Мать растерялась и молча смотрела на него, не зная, как ответить. А он, смущаясь и краснея, но тем не менее с заранее заготовленной решимостью, продолжал:
— Мне Евдокея Ивановна по душе. А ежели вам надо с нею посоветоваться, поговорить с Иваном Ивановичем, я, конечно, подожду. Конечно… мне надо бы допрежь с Иваном Ивановичем, но — боюсь! Я при нём растеряюсь и не скажу, чаво надо.
Наконец, кажется, мать осознала его слова. Обернувшись к двери, крикнула:
— Дуська, отдай дитё!
Дочь тут же вошла и передала ей ребёнка.
— А теперича ступай и не подслушивай. — И, когда дочь вышла, Екатерина Васильевна, напустив на себя важность, заявила: — Мы, Фёдор Фёдорович, не какая-нибудь деревеньщина, мы — мещане! Я сама — духовного роду. И дочку свою отдать вот так, не подумавши… Дитя она ишшо.
— Иде же дитё? — удивился Калабухов. — На масляну шашнадцать было. Да и вас она поболее.
— Не сердись, милок, и ступай, с чем пришёл. Ивану Ивановичу я даже не скажу об тебе — несурьёзно всё это.
— Ох, маманя, — с досадой сжал он картуз в руке. — Сказал бы, да уж помолчу… потому как ишшо воротиться думаю.
Мать долго не могла успокоиться после его ухода — всё пожимала плечами, всё выговаривала кому-то:
— Надо же! «Фёдор Фёдорыч»! Дома небось Федькой кличут… Кот Котофеич он — вот кто. «Сказал бы, — говорит, — я вам, маманя…» Ишь — сыночек нашёлся!
— Ну, хватит, — остановила её Дуся. — Чем он так тебе не понравился? Справный мужик, не дохлай. А что лицо круглое — дак бороду отпустить можно, оно и вытянется. Ежели человек толстощёкий — так сразу и кот? Я вот тоже мордастая, значит — хужее других?
Мать обомлела от этих слов. Возможно, впервые в жизни она взяла на себя решение важного семейного вопроса. Решилась взять, потому что всё в нём казалось ей предельно просто. А дочь, так получается, вроде бы и не согласна с нею.
— Неужто он тебе нравится? — спросила со страхом.
— А чаво?
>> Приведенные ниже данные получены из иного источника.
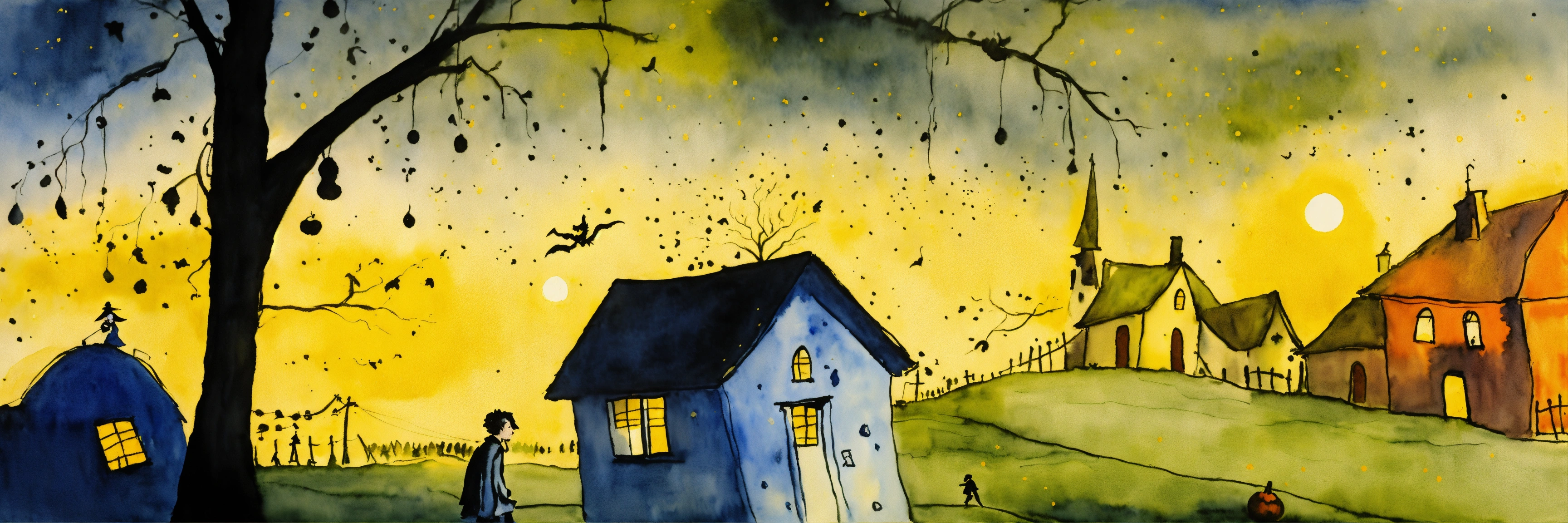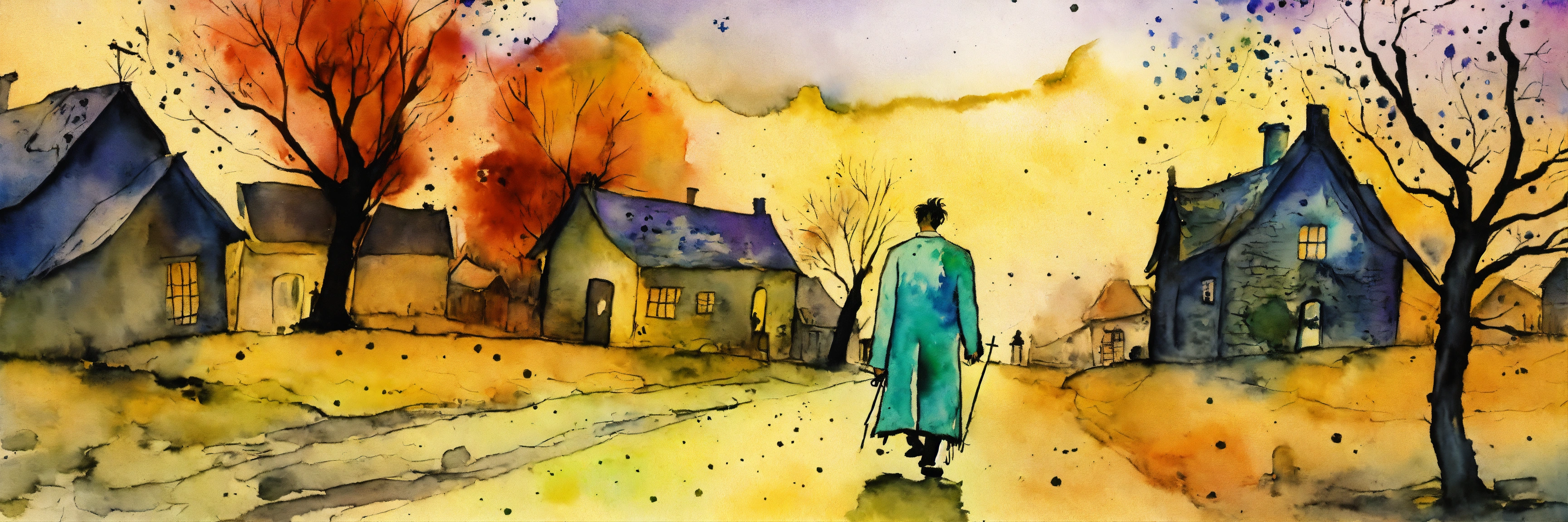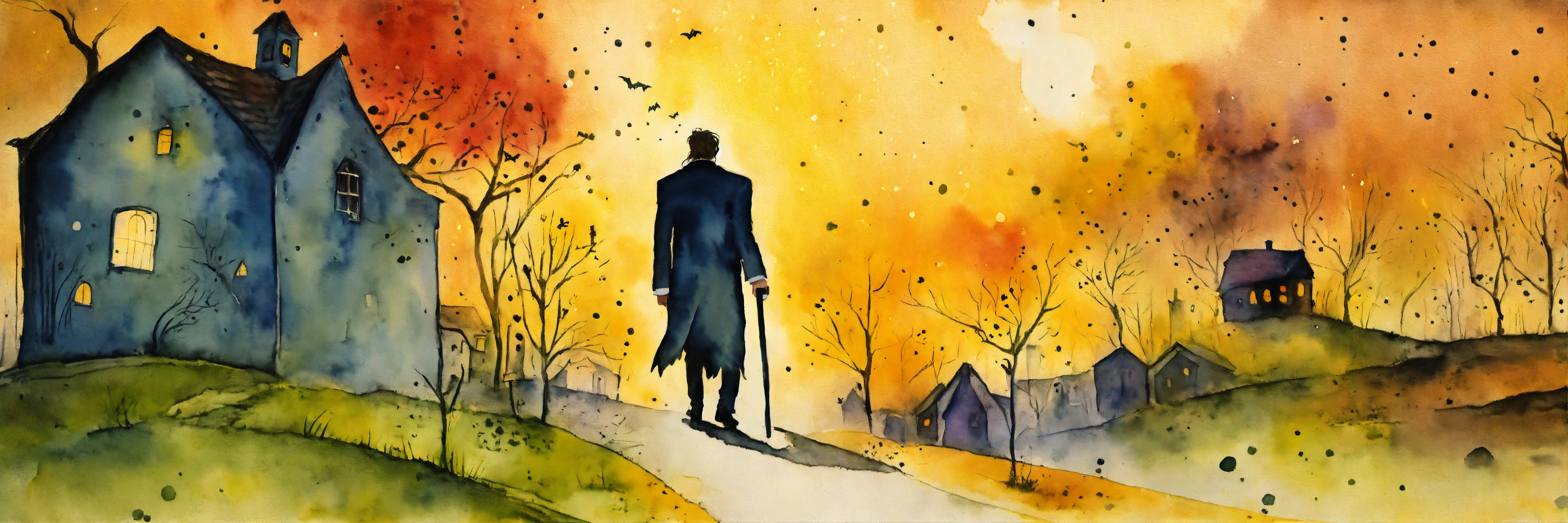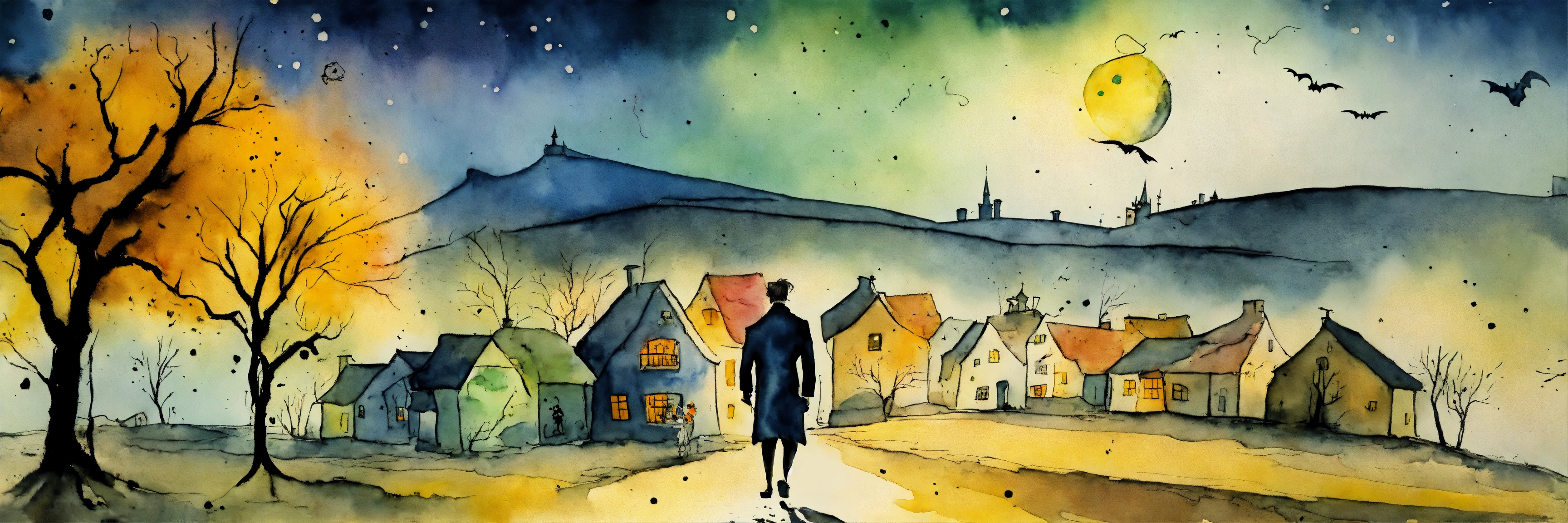 Frankenstein walks through the village on halloween in the style of "long lost tume, by marc chagall and tim burton, watercolour, ink splash art, minimalist, emotional, dynamic, golden speckles, "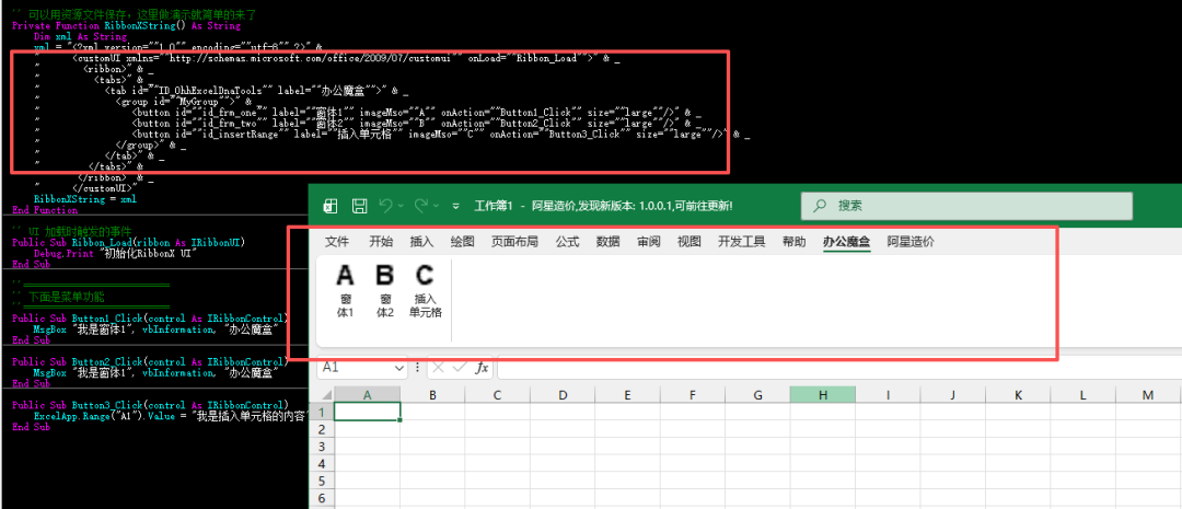 5.4.注意每次,编写代码后重新运行代码,均要关闭Excel重新打开,才能加载到最新的代码

Ничаво…
— Но ведь рано тебе замуж. Рано и не время.
— Можа и рано, только мужик он — что надо.
Фёдор уехал тогда ни с чем, а Дуся, которая до его разговора с матерью ни о чём таком ещё не помышляла, вдруг задумалась. И чем больше думала, тем привлекательнее казалось его предложение. После смерти бабушки Душани в доме становилось всё хуже. И Дуся это первая почувствовала. Раньше хоть дедка помогал, а нынче весной он только и знал, что ходил на кладбище, шушукался с мальчишками или сидел под кузней, выслушивая соболезнования заказчиков. Пара соловых, которых он иногда запрягал, подряжаясь на какие-то перевозки, теперь стояли без дела. Не кони, а дармоеды. И в завершение всего — болезнь отца.
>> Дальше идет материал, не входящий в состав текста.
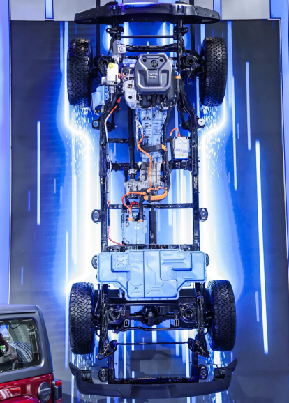 而且当你了解过它的动力之后,你会发现电机的加持并非仅仅为了节油而已。该车搭载的是一台2.0T发动机与双电机组成的动力总成,其综合最大功率为375马力,峰值扭矩达到了637牛米。是不是发现比燃油版要强上许多?难道这才是牧马人加上电机的目的?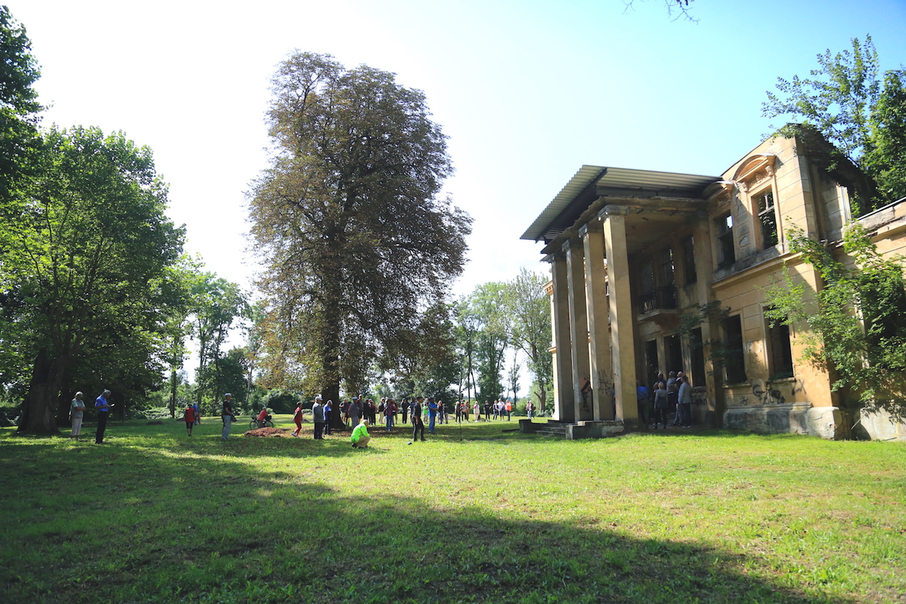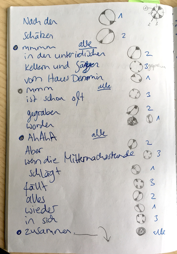 The sound of leaves in the wind was a steady companion during our workshop in the open air. We walked around the mansion, shared memories and collected knowledge of the former boarding school's structure. Some of the singers shared anecdotes from daily life back then. A big empty area next to the house was described as having been filled with trees at one time. With this knowledge the sound of the trees around us seemed to me like presence that made an absence audible, like a network with an evident gap. When I later made notes on this in German, the word Blätter reminded me of the sound that leaves make in the wind. In order to increase the airy/open/breathy "ä" and the clicking of the "ätt", I arranged three groups per tree. The first group would whisper "Blätt", the second group "ätt" and the third "ter", each with a minimal delay between them and the previous group. Now, I would describe the sound more as the memory of what leaves sound like.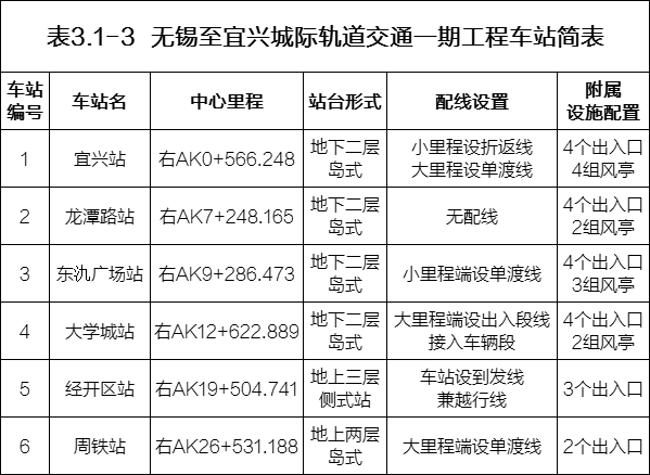 6个站点分别是:宜兴站——龙潭路站——东氿广场站——大学城站——经开区站——周铁站。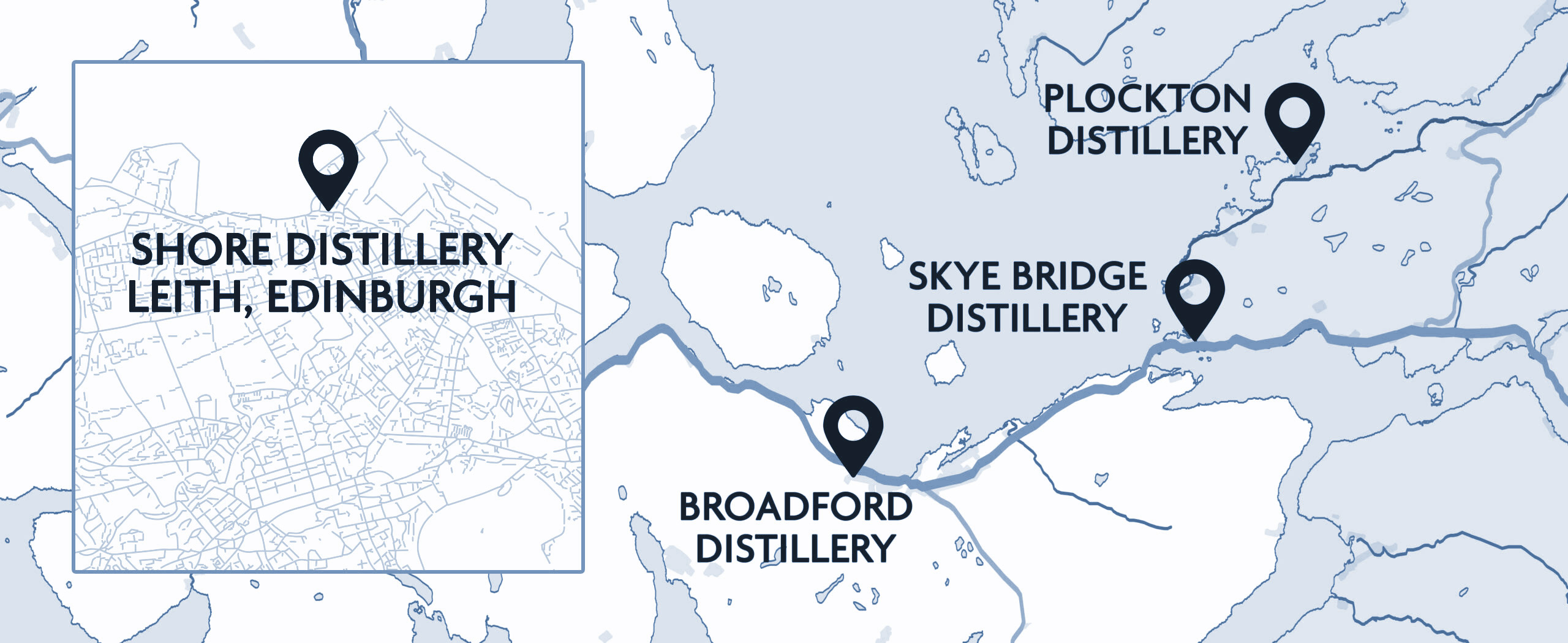 Discover the heart of our craft through our four unique distilleries. Broadford Distillery, rooted in tradition in the bustling heart of Skye; Skye Bridge Distillery, standing proudly at the gateway to the island; Plockton Distillery, nestled in a charming coastal village on the mainland; and the Shore Distillery, in Leith, Edinburgh, bringing the Highlands and the Isle of Skye to the city. Each location brings its own character, landscape, and story to the spirits we create.

В доме вообще не предствляли такого, чтобы он болел. А когда слёг — растерялись. Вроде бы стал валиться столб, на котором весь шатёр держится… Но прошло недели три или больше — отец перемучился и встал. Рёбра вроде бы срослись, но работал он вполсилы. За молот не хватался и даже балдичку из рук Шурки не брал. Быстро утомлялся, выходил на воздух продышаться. Настоящей беды никто до поры не чувствовал. Мало ли что с человеком бывает, если он после болезни, если не вылежал положенного. Но сам отец, должно быть, чувствовал…
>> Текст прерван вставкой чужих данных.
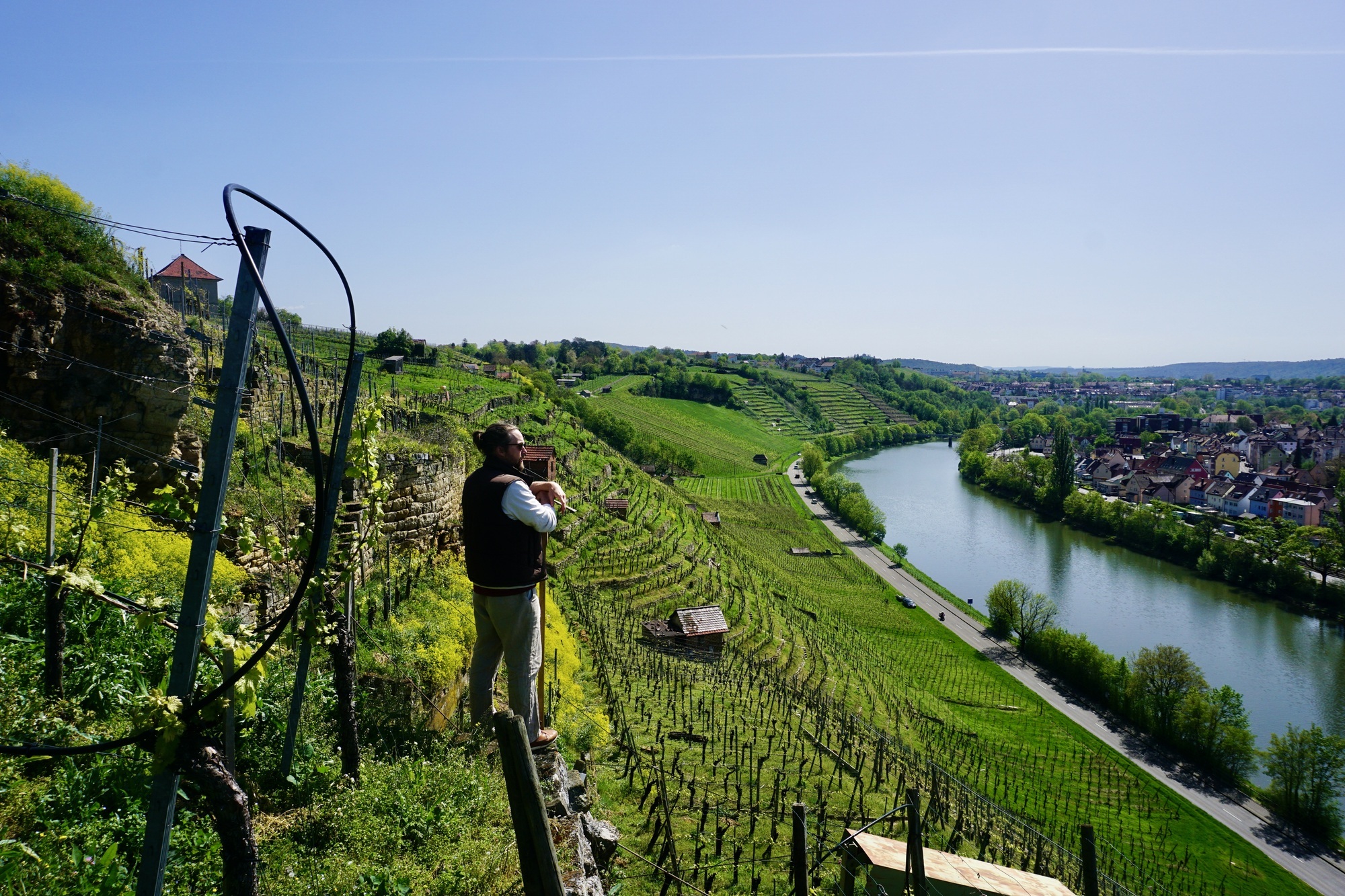 Von hier oben hat man eigentlich alles im Blick. Der Fernsehturm auf Degerlochs Höhen am Horizont, der Neckar unten im Tal und in der Ferne blitzt sogar die Kuppel der Grabkapelle auf dem Württemberg auf. Und wer die steilen Stufen in den Weinbergen unterhalb von Steinhaldenfeld nach oben gekraxelt ist, bekommt eine kleine Ahnung davon, was es bedeutet, hier Tausende Reben zu schneiden, zu pflegen und im Herbst dann zu lesen. Mit Maschinen kommt man hier nicht weit, hier ist alles Handarbeit. Axel Musch liebt genau das. Das Urtümliche, das Echte. Weshalb er und seine Mitstreiter die Begeisterung für das Winzer-Handwerk wecken wollen. Vor allem in der Steillage.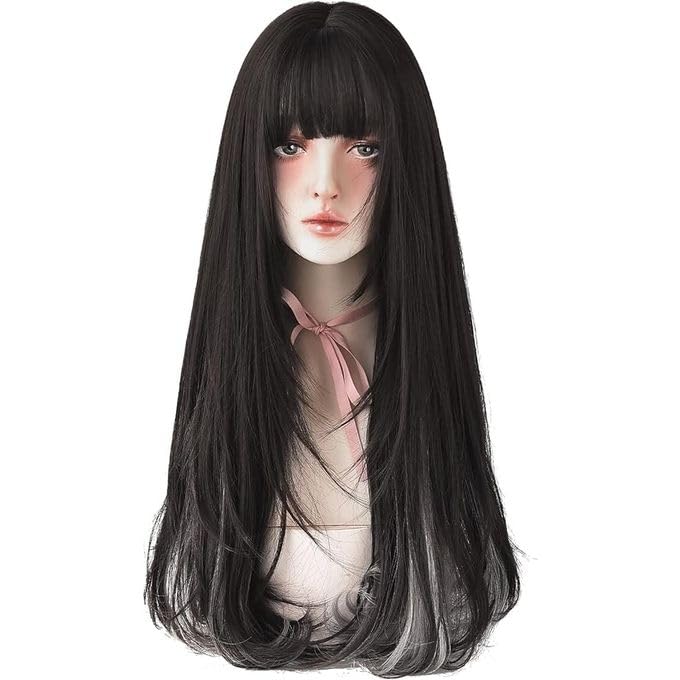 Generic - باروكة شعر مستعار طويل أسود بغرة، شعر مستقيم، ستايل ياباني، للنساء، للاستخدام اليومي والكوسبلاي

В конце лета ещё раз приехал Федя Калабухов. И опять один — без сватов. Странное дело — только и в этот раз он хотел говорить с матерью. Проводив его в дом, Дуся побежала в кузню и, глядя отцу в глаза, с каким-то скрытым значением сказала:
— Тятя, там человек пришёл… С маманей разговаривает. Так ты пойди.
Появление отца весьма смутило Фёдора. Он вскочил с табуретки, стал чуть ли не по-солдатски, резко опустил в поклоне голову. Посыпались кольцами его рыжие, густо напомаженные кудри. И за всё время разговора с отцом он так и не присел.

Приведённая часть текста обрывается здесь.